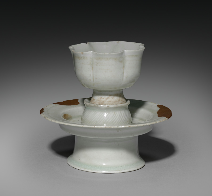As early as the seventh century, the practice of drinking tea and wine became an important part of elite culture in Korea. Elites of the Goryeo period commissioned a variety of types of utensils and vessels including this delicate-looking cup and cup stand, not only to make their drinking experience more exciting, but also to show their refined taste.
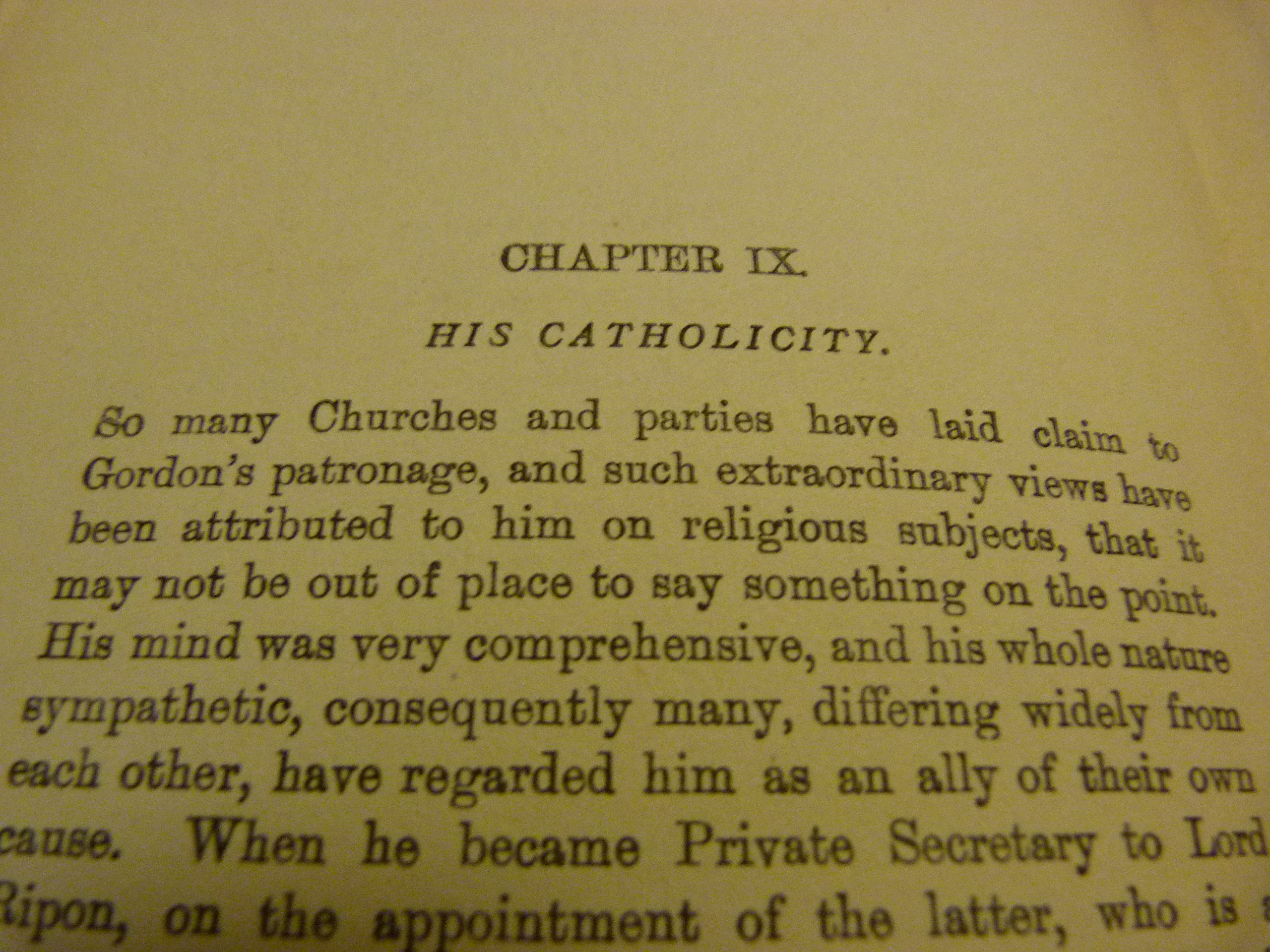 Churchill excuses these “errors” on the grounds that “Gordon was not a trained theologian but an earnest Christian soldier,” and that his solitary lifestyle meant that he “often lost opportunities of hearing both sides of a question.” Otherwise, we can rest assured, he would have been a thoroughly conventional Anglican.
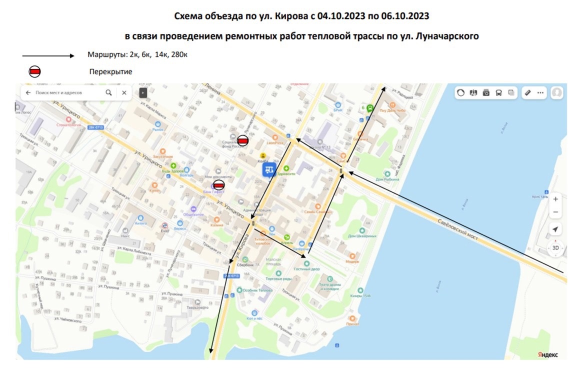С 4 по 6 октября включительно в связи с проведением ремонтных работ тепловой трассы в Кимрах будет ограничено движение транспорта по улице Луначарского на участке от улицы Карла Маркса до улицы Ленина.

» **What needs to be done**: Copy out all of the listing word for word, but skip the images.

» **Solution to this problem**:
As early as the seventh century, the practice of drinking tea and wine became an important part of elite culture in Korea. Elites of the Goryeo period commissioned a variety of types of utensils and vessels including this delicate-looking cup and cup stand, not only to make their drinking experience more exciting, but also to show their refined taste.
 Churchill excuses these “errors” on the grounds that “Gordon was not a trained theologian but an earnest Christian soldier,” and that his solitary lifestyle meant that he “often lost opportunities of hearing both sides of a question.” Otherwise, we can rest assured, he would have been a thoroughly conventional Anglican.
С 4 по 6 октября включительно в связи с проведением ремонтных работ тепловой трассы в Кимрах будет ограничено движение транспорта по улице Луначарского на участке от улицы Карла Маркса до улицы Ленина.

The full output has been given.